# Microsoft Office Outlook will not open :(



## Snackie (Nov 12, 2007)

Last night outlook was just fine, didnt get no suspicious emails or attachments. When I woke up this morning and tried to open it, it will not open. It acts like it wasts to open but then just disappears. When I try to open it again it says that outlook failed to open properly and do I want to open it in safe mode to correct or isolate a startup problem, when i click yes, it again tries to open but doesnt open.  When i try to open it the 3rd time, i get a message saying outlook failed to launch in safe more do i want to start detect & repair, i click yes and it brings up windows installer and says please wait while windows configures Microsoft Office Small Business 2007, then about 45 seconds later I get an error saying Windows Installer terminated prematurely, then i get a msiexec.exe has encounteres a problem and needs to close message.

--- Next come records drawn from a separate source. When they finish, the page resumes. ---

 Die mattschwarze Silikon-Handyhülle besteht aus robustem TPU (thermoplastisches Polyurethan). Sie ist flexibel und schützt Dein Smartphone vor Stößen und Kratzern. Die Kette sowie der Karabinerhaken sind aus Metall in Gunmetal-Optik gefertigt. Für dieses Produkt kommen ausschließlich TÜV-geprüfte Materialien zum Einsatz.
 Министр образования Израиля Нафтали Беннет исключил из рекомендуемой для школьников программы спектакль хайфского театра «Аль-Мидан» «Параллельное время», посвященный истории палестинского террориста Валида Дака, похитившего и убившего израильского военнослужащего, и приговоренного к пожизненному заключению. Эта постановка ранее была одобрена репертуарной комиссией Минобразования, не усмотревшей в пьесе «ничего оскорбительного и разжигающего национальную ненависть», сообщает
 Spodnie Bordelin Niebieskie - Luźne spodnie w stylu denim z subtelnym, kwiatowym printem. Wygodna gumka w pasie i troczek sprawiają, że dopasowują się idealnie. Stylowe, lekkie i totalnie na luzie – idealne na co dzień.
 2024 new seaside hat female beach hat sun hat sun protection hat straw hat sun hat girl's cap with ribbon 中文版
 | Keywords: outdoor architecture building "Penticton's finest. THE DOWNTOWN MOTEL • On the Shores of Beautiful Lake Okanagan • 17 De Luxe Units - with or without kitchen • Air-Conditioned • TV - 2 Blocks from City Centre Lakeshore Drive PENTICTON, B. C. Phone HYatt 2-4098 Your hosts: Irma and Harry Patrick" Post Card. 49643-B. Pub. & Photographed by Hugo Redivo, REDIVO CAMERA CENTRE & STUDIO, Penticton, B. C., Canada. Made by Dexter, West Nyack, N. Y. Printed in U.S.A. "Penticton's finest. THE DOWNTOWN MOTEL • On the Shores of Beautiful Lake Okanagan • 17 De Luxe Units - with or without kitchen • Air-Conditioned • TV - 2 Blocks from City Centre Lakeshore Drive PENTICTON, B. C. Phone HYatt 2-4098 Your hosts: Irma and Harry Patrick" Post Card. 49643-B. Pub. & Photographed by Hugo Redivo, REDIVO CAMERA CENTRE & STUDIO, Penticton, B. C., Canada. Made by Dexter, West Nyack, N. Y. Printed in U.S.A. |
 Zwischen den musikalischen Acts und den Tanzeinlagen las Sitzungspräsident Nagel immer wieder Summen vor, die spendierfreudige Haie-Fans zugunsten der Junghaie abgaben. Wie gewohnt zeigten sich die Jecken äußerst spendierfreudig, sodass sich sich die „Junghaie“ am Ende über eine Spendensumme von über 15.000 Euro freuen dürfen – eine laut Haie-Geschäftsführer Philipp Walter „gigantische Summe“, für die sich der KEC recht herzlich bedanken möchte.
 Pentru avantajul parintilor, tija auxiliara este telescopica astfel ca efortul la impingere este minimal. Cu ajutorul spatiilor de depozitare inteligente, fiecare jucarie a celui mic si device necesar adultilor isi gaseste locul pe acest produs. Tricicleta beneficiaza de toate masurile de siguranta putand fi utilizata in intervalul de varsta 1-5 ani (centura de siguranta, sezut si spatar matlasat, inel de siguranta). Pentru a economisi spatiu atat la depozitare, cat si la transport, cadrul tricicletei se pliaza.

I would love to be able to retrieve the emails that are in there but I really NEED to be able to get my address book....I tried downloading incredimail to import the address book from outlook and it will not import it just freezes incredimail until i close the import window and then incredimail works just fine.

Any suggestions?


----------



## Snackie (Nov 12, 2007)

ohh it is microsoft office outlook 2007 and i am having absolutely no trouble with word, excel or any of the other programs just outlook


----------



## djaburg (May 15, 2008)

The first thing you can do is try to repair the .pst file which is where Outlook stores it's information. You can simply do a file search for *.pst and you'll find it. Once you've found it, make sure you remember the location, and then use these instructions to complete the repair process. That should allow you to at least import your data from outlook to incredimail. You may have a file that's really hosed, so you may only have one option for Outlook and that's to rename your existing pst file (after you get what you need in to incredimail) and then restart outlook. That will cause it to recreate a new .pst file. Once the new one has been created, you can try to import the data from your old one. Not sure how successful it will be but it should at least get you up and running.


----------



## Snackie (Nov 12, 2007)

i scanned and repair every pst file it showed under data files and it still wont open or let incredimail import the address book...is there some kind of viewer that can open the address book by itself wtihout having to go thru outlook?

should i be concerned with the msiexec.exe encountering problems and having to shut down when windows installer is trying to configure?


----------



## godsendjk (Aug 11, 2009)

Try this:

Start-Run->outlook /resetnavpane and click Ok.

If you are able to open Outlook, then problem solved.
Else, Open regedit->
HKEY_CURRENT_USER\Software\Microsoft\Office\Outlook\Addins
Under Addins, select each folder and change the value data of the LoadBehavior for each folder as 0.

Note: Plz make a backup of the registry file before editing.

Hope it will work out for you(**,).


----------



## Snackie (Nov 12, 2007)

the Start-Run->outlook /resetnavpane and click Ok. got the same outlook that tried to open but wouldnt

i changed all the values to 0 and its still the same thing

and the detect & repair feature still wont run the whole way thru

i tried going thru add/remove prog and doing repair there and got the same msiexec.exe error
BUT at the same time i got a pop up from mcafee saying:
McAfee has detected a potentially unauthorized file change to your computer.

About this File Change
SystemGuards: Windows Win.ini File
Program: Windows® installer
Location: C:\WINDOWS\system32\msiexec.exe

Spyware, adware, and other potentially unwanted programs can make changes to the Win.ini file, allowing suspect programs to run when you start your computer.

it wasnts to know if i want to allow the change or block the change


----------



## godsendjk (Aug 11, 2009)

Sorry for the delay in response.
You must click on Allow and also remember this action.
It was just a part of your installation.

(**,).


----------



## Snackie (Nov 12, 2007)

it opened......thanks  

now it says business contact manager failed to initialize the Common Language Runtime Unknown error 0x80131700


----------



## Snackie (Nov 12, 2007)

it wouldnt let me get my address book because of the business contact manager error


----------



## Snackie (Nov 12, 2007)

WOHOOOOOOOOOOOOOOOOOO Thank You SOOOOOOOOO Much for all your help!!!!!

After I got the business contact manager error I did a search and then repaired the microsoft .net framework in the add/remove programs and now I got my outlook and address book!!

Your Awesome!! I sincerly thank you for all your help


----------